Fox has been aggressively building its online customer relationships, regularly e-mailing more than 1 million buyers of its TV and movie programming and using those core consumers to get instant feedback on releases. Recently, the studio built an opt-in e-mail database of 6 million active Christian DVD consumers and more than 200,000 congregations to market such family- and faith-friendly films as Love's Enduring Promise and Woman Thou Art Loosed as well as major theatrical releases.
"We've established a credibility with that consumer," said Fox VP marketing communications Steve Feldstein. "It's a symbiotic relationship where they rely on that information to know what is family programming for their family."
Fox also has reached out to other niche audiences through e-mail. For its release last fall of political documentary The Hunting of the President, Fox teamed with MoveOn.org to promote the release to the grass-roots organization's members.
For films such as Hunting, which have miniscule marketing budgets, e-mail blasts to the right consumers can make all the difference.
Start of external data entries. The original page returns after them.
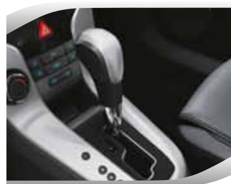
Caja automática secuencial de 6 velocidades
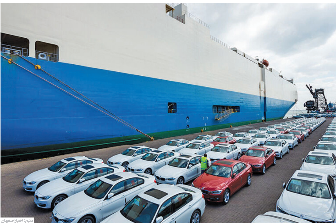
قیمت خودرو کاهش شد:
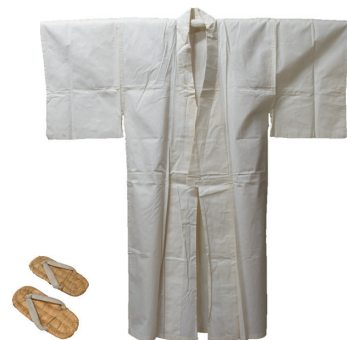
葬式用の草履とシロ（長着）
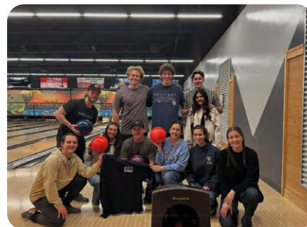
Section étudiante de l'Université de Victoria
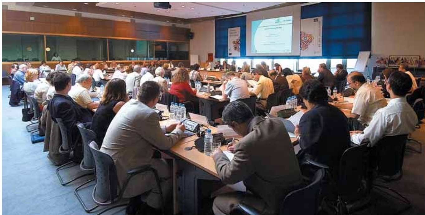
En 2007, plus de 1560 personnes sont venues au Cedefop pour assister à des conférences, séminaires ou ateliers.
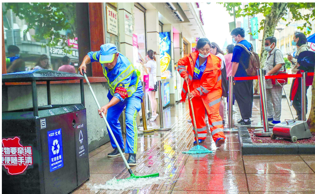
9月14日上午,南京路步行街上保洁工在清扫路面积水。
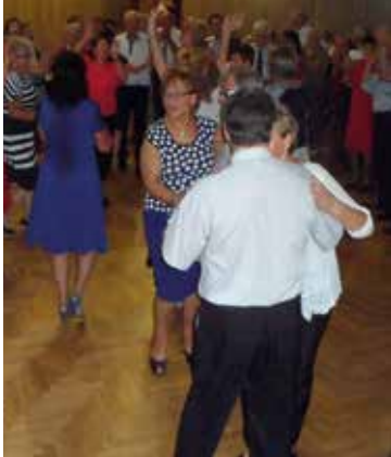
Seniorzy brylowali na parkiecie

Na uroczystości z okazji święta seniorów
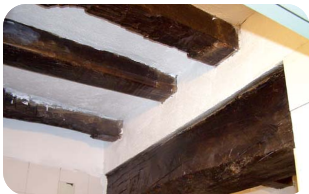
Medikuaren eta erizainaren geletako eta komuneko gelako sabai faltsuak kendu eta habeak agerian utzi dira, saneatzeko
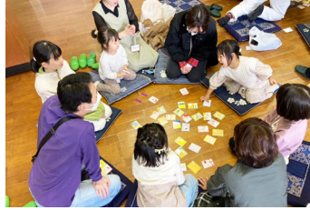
オリジナルかるたで大盛り上がり
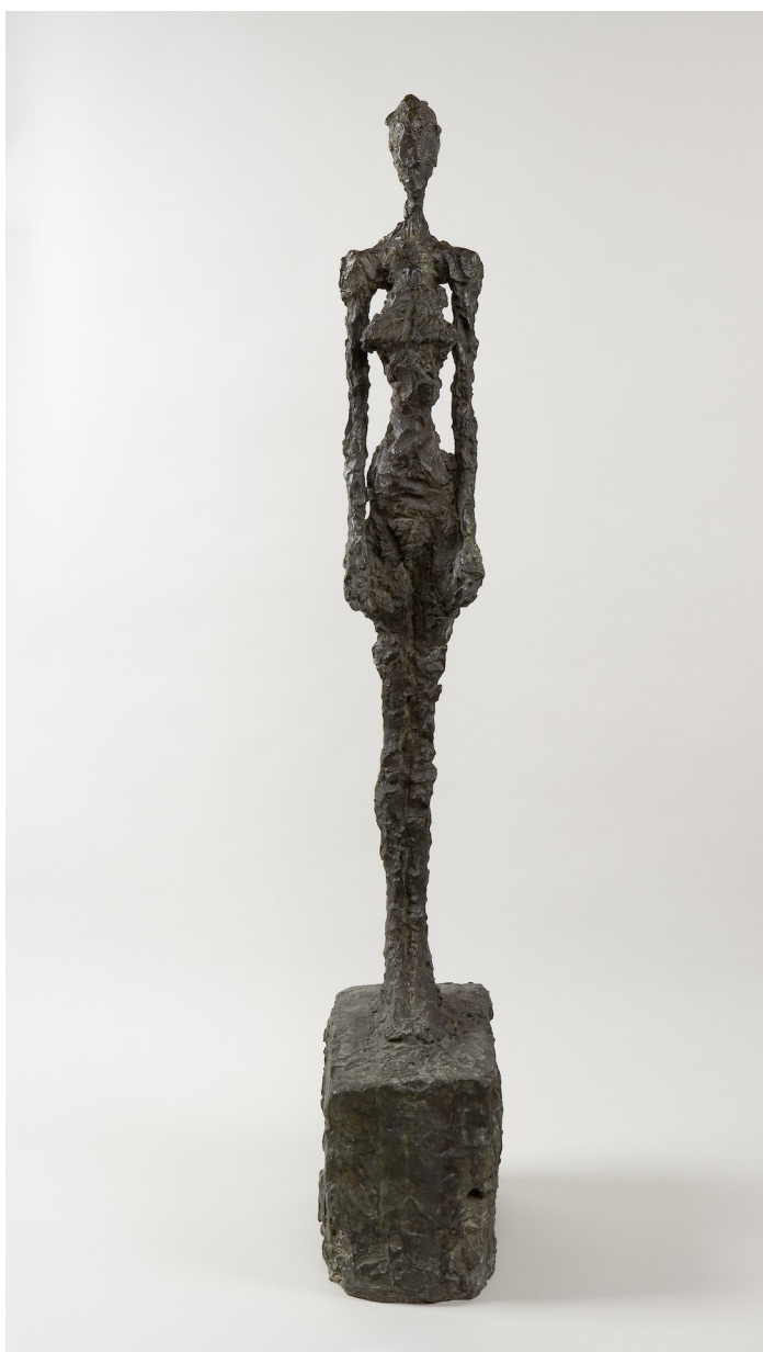
Femme debout 1957 Bronze 131,5 x 19 x 32,5 cm Collection de la Fondation Giacometti, Paris © Succession Alberto Giacometti (Fondation Giacometti Paris + ADAGP Paris) 2019
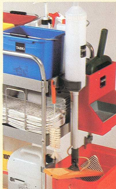
Un support permet de fixer l'applicateur DS sur les chariots de nettoyage.
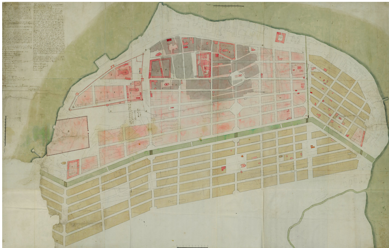
Рис. 4. План города Астрахани, Высочайше подтвержденный 26 мая 1768 года. Архитектор А.В. Квасов. [РГИА. Ф.1399. Оп.1. Д.253]

антских складов, а на территории бывшего Житного двора – торговых лавок. По инициативе губернатора Троицкий монастырь в Кремле был упразднен в 1764 году и его помещения приспособлены для гарнизонной школы (которая и зафиксирована на планах), располагавшейся здесь с 1765 по 1785 год [33].

For its release of documentary Chisholm '72: Unbought and Unbossed, about Brooklyn Congresswoman Shirley Chisholm's campaign to be the Democratic Party's presidential nominee, Fox will send out e-mails to older members of the national Black sorority that Chisholm belonged to.
"You can directly reach out to a group of consumers that are predisposed toward your product with a direct call to action," Feldstein said. "We find it to be extremely effective for us."
Similarly, Paramount Home Entertainment has sent direct e-mail announcements to fans that lobby the studio for specific DVD releases.
The studio has compiled a list of e-mail addresses of fans that took to the Web to lobby the studio for a release of TV series MacGuyver. The studio will remind them of the series' release on Jan. 25 to get them into stores.
Likewise, Paramount kept in touch with Friday the 13th fans that had approached the studio about the DVD release of those films.
"It helps build relationships," said VP publicity Martin Blythe, who noted that the studio would go back to fans to alert them of future season releases of MacGuyver and other series with a strong online fan base.
"Once they start collecting, they are interested in collecting all of these," Blythe said.
For the February release of TV series Charmed, the studio is posting messages about the upcoming first-season DVD release on Web sites and blogs devoted to the series.
Buena Vista Home Entertainment has created instant message (IM) backgrounds such as one for Lizzie Maguire that users can easily pass on to other friends to download through IM, said VP marketing Gordon Ho. During the holidays, the studio created holiday letters from Mickey & Santa that noted the release of Mickey's Twice Upon a Christmas.
The company also revamped its consumer Web site, DisneyDVD.com, so that consumers can more easily search for titles. Users also can do a Memory Lane search, typing in their birth year to find movies that were popular when they were kids.